Words by Matthew Hodson | @Matthew_Hodson 


This was a good year.

For the first time since this epidemic first hit us, there was no difference in life expectancy between those of us living with HIV in the UK and on treatment and those who are uninfected.

Let that sink in.

Consider that just 21 years ago there was no effective treatment and an HIV diagnosis was still considered a death sentence. Now we have achieved the goal of treating HIV so effectively that, if you are diagnosed promptly your chances of survival are as good as those of people who remain negative. Having lived through those years of loss and grief, this news alone makes me weak with happiness.

Not only are we succeeding in treating HIV but we are also succeeding in preventing it. HIV diagnoses across the UK fell by 18% in 2016. Combination prevention (condoms plus PrEP plus testing and treatment) works. Indicators suggest that the drops may be even steeper in 2017.

This reduction in diagnoses was most evident among gay men, particularly among those who live in London. For the first time since they opened their doors, 56 Dean St had a month when the number of new diagnoses didn’t even hit double figures.

A new study published this year, which looked exclusively at sero-discordant/sero-different (one HIV-positive partner and one HIV-negative partner) gay couples found that not a single person acquired HIV from a partner who was undetectable on HIV treatment.

The undetectable = untransmissible message started to be heard.

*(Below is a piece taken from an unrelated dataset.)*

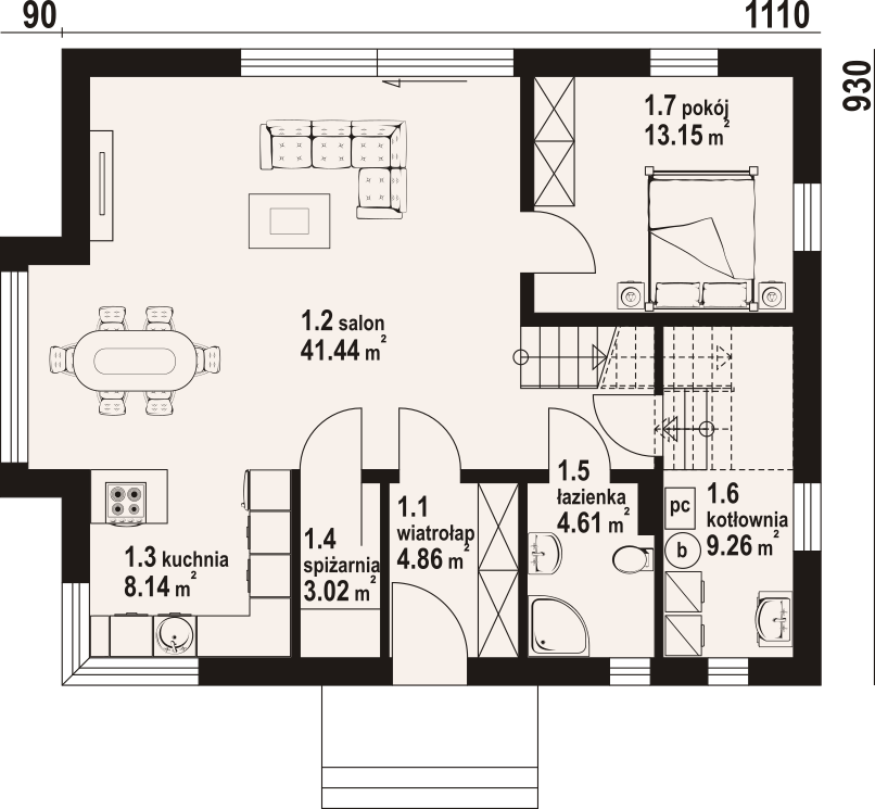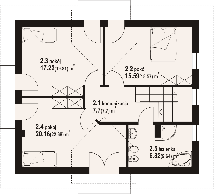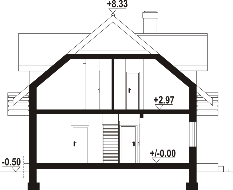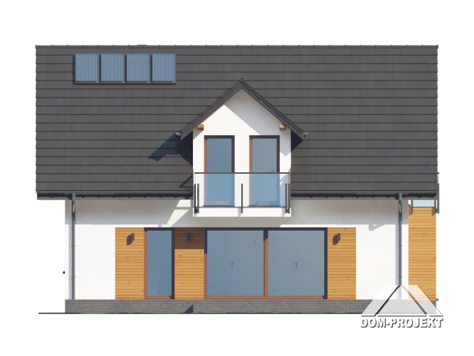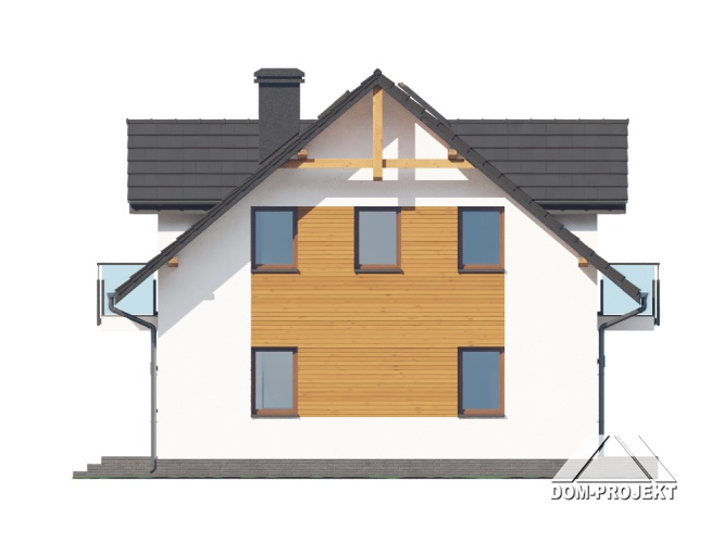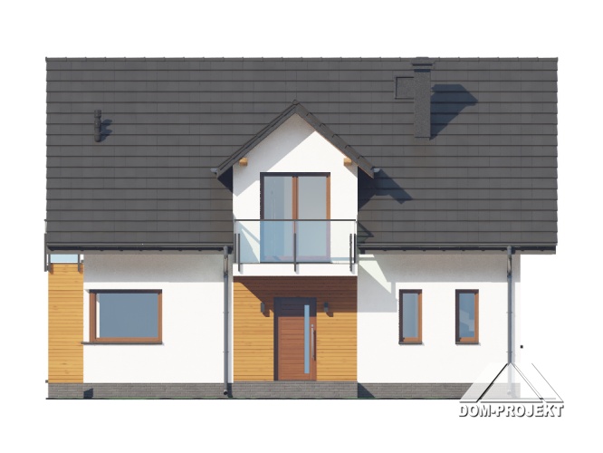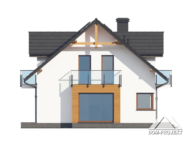 Dom z poddaszem użytkowym. Na parterze duży salon z kuchnią oraz wyjściem na taras. Spiżarka, pokój, wiatrołap, łazienka, kotłownia. Na poddaszu trzy pokoje, każdy z wyjściem na balkon, komunikacja, łazienka. Zwarta bryła budynku oraz dach dwuspadowy sprzyjają szybkiej i taniej budowie oraz niskim kosztom eksploatacji.

With improved life-expectancy and armed with the knowledge that when treated we can’t pass the virus to our sexual partners we have new, better tools to challenge HIV stigma.

The progress we have made is not irreversible. The challenges ahead remain daunting.

Closures of sexual health clinics threaten our successes in diagnosing and treating HIV. Funding cuts continue to take their toll on services that support people living with HIV. We still do not have PrEP routinely available to all those at risk of HIV infection and prevention services are critically underfunded. If we don’t do something now to ensure sexual health services are resourced we will not maintain this momentum.

But in 2017, as we mark World AIDS Day, we have more to celebrate than we have to lament. 2017 was a good year for HIV but let’s not rest until we have met the most ambitious goals: No new HIV infections, no AIDS related deaths, no HIV stigma – not just for gay men in the UK but for all people, everywhere in the world.

This is not the time for us to falter or hesitate in the fight against AIDS – this is the time for us to conquer HIV.